This week, for the first time in six years, the Intergovernmental Panel on Climate Change will release a new report on the risks of climate change. It's likely much of that report will go over familiar threats--rising seas, glacial melt, extreme weather events, and why certain areas, like Bangladesh, will see catastrophic stress on resources. But new, striking research could also snag some attention: Scientists from the University of North Carolina-Chapel Hill estimate that global emissions standards could save more than a million lives cut short due to pollution by the year 2050.

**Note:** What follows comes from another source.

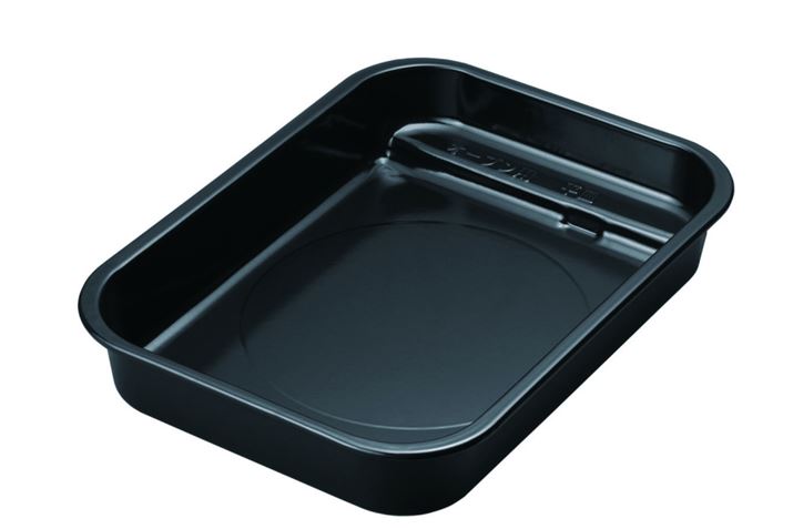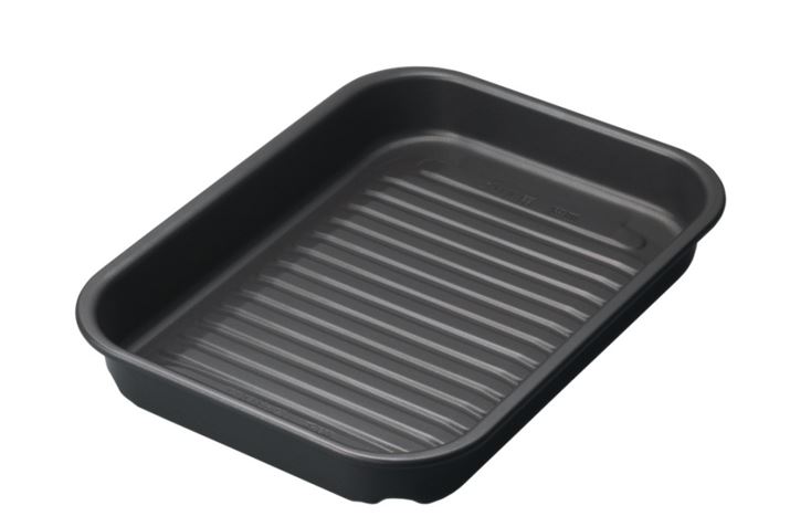 フチが約4.1cmある「ラク旨グリル」。グリル皿は大きめのサンマが5尾入るサイズだが、重さが約530gと一般的なグリル用の皿よりも軽量で、洗浄時にストレスになりにくい
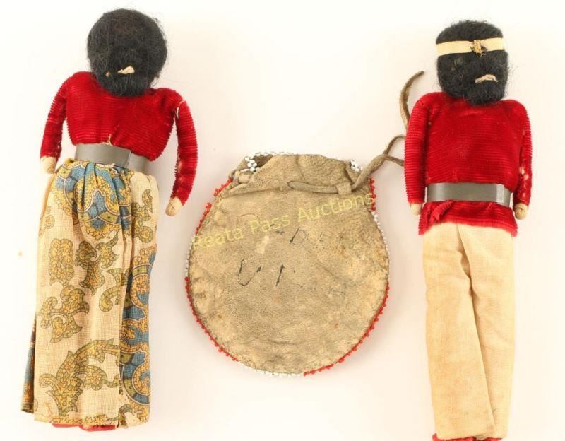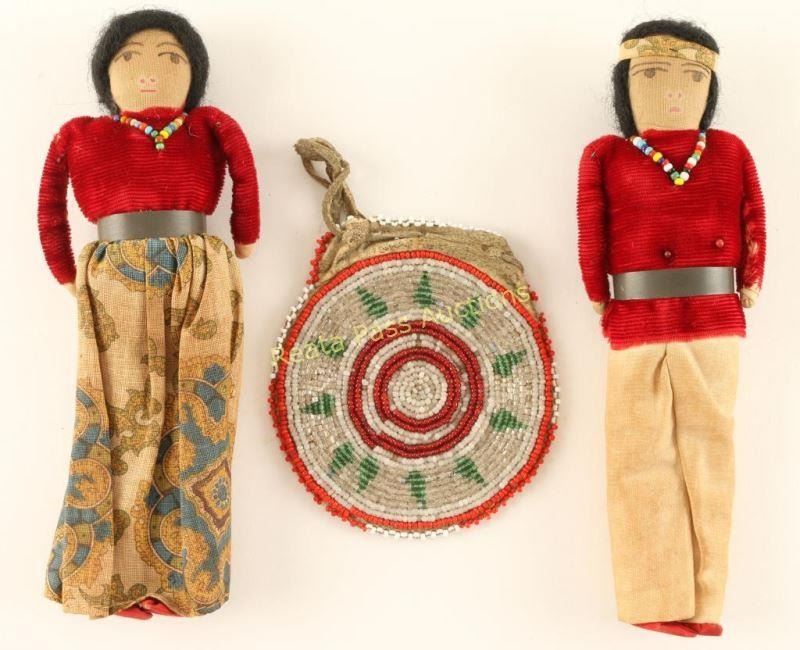 Small buckskin coin purse fully beaded on one side with a sunburst design. Two small fabric antique Indian dolls, one male, one female.

The lives saved estimates come from two scenarios: One, in which emissions go the way of business-as-usual, and the two, in which strong global emissions standards and a price on carbon are imposed. Because cutting fossil fuel use would also cut down on pollutants like ozone and particulate matter that contribute to asthma and heart disease, global greenhouse gas standards would also make a significant dent on non-carbon-related pollution. And unlike studies that have attempted to measure the impact of greenhouse gas emissions on public health in the past, the UNC model takes into account how pollutants released in one country might migrate and affect people in another.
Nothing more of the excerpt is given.